È in paesi come Orgosolo e Oliena, per citare solo i luoghi attraversati con l’idea di rubare un po’ del loro cuore, che distingui con chiarezza la percezione di essere altro rispetto all’Italia che c’è in noi. L’intento didattico – non posso farne a meno – è quello di chiarire rigorosamente la distinzione tra tradizione e atto folkloristico. Il costume tradizionale, ad esempio (e questo avviene sempre meno anche nei paesi lucani più remoti), è indossato per se stessi e non per sfilate ad uso dei turisti. Le donne più anziane si affacciano sulla soglia della loro casa o escono dalle auto avvolte in neri mantelli dalle lunghe frange. Penso a quanto dolore alcune di loro hanno provato. Se si incrocia il loro sguardo, avverti la rapidità di un lampo. Lungo una scalinata una epifania: come Parche silenziose riempiono della loro ieratica e solenne presenza alcune orgolesi, con ampie gonne e mantelli neri. Una scena da fermo immagine. Non da meno gli uomini, di tutte le età, che non calcano più il copricapo dalla foggia singolare, ma i pantaloni di velluto nero a coste sono per vecchi e giovani, estate e inverno, come la tenuta dei giovani cavalieri incontrati lungo il corso Repubblica, pronti per gareggiare nei palii di S. Pietro e di S. Maria Assunta o nel Palio di Oliena (Su Palu de sos Vihinados). Se anche non sono più opera degli abili tessitori sardi, i maistos de pannos, non ha importanza, sta di fatto che rappresentano un capo d’abbigliamento del tutto normale e consueto.

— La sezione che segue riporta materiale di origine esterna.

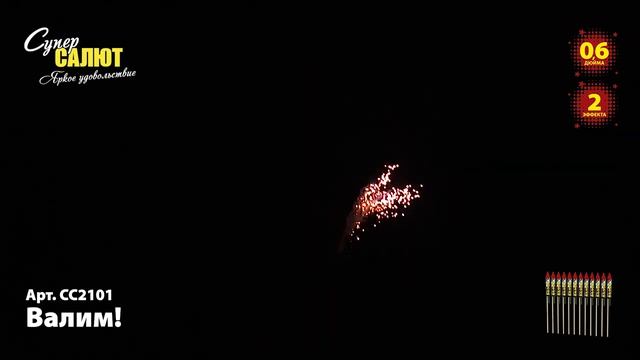 Ракеты Валим (6ШТ.) СС2101 https://spb-salut.ru/products/rakety-valim Количество в упаковке: 6 шт. Калибр: 0,6. Высота подъема до 15 м. Эффекты: золотая комета раскрывается зеленым мерцающим букетом; золотая комета раскрывается серебряным мерцающим букетом; золотая комета раскрывается облаком золотых трещащих звезд; золотая комета раскрывается красным мерцающим букетом; золотая комета раскрывается трещащим букетом; золотая комета раскрывается золотым мерцающим букетом. Фасовка: 1/72/6. SPB SALUT - пиротехническая компания в Санкт-Петербурге. Основные направления деятельности: 1) Розничная торговля пиротехникой (офлайн магазины, интернет-магазин spb-salut.ru); 2) Организация и проведение профессиональных фейерверков; 3) Оптовая торговля пиротехникой по всей России. Адреса магазинов: 1) г. Санкт-Петербург, ул. Тележная, д. 15, лит. Б (вход с ул. Кременчугская), м. Площадь Восстания. Ежедневно с 10:00 до 22:00 2) г. Санкт-Петербург, пр. Полюстровский, д. 28Б, м. Площадь Ленина. Ежедневно с 10:00 до 22:00 Благодаря большому опыту, наши специалисты с легкостью создадут для Вас уникальное фейерверк шоу, которое сделает любой Ваш праздник незабываемым, будь то день рождение, свадьба, корпоратив или фейерверк городского масштаба! Почта: info@spb-salut.ru Сайт: https://spb-salut.ru Тел.: +7(812)242-82-24; +7(952)287-80-85.

Nella piazza di Orgosolo intitolata a Don Graziano Muntoni, il sacerdote ucciso nel 1998, all’ingresso del centro storico, il primo incontro con una lingua arcaica mette a dura prova ogni mia velleità di seguire le conversazioni dei bambini che giocano e dei passanti. Una forma di alterità si rivela anche nel tenace rispetto della lingua degli avi. Da quel punto dell’abitato, l’attenzione dei visitatori è catturata da una straordinaria fioritura di murales di contenuto civile, politico e storico, sui temi della giustizia e della pace, declinati a livello locale, nazionale e internazionale. Le strade, i vicoli, le piazze di Orgosolo rappresentano il più esteso e articolato libro di storia ed educazione alla cittadinanza all’aperto. La gente del posto sembra non farci più caso, nonostante i murales siano stati realizzati a partire dal 1969 con la partecipata condivisione tra il proprietario della casa e l’artista che individua e sceglie una porzione delle pareti esterne per esprimere il tema che ha ispirato la sua arte. Concedere come supporto fisico alla pittura le mura perimetrali rivolte all’esterno è, a mio avviso, una forma di assenso ideologico e fratellanza d’intenti. E non c’è nulla di più sacro della propria casa.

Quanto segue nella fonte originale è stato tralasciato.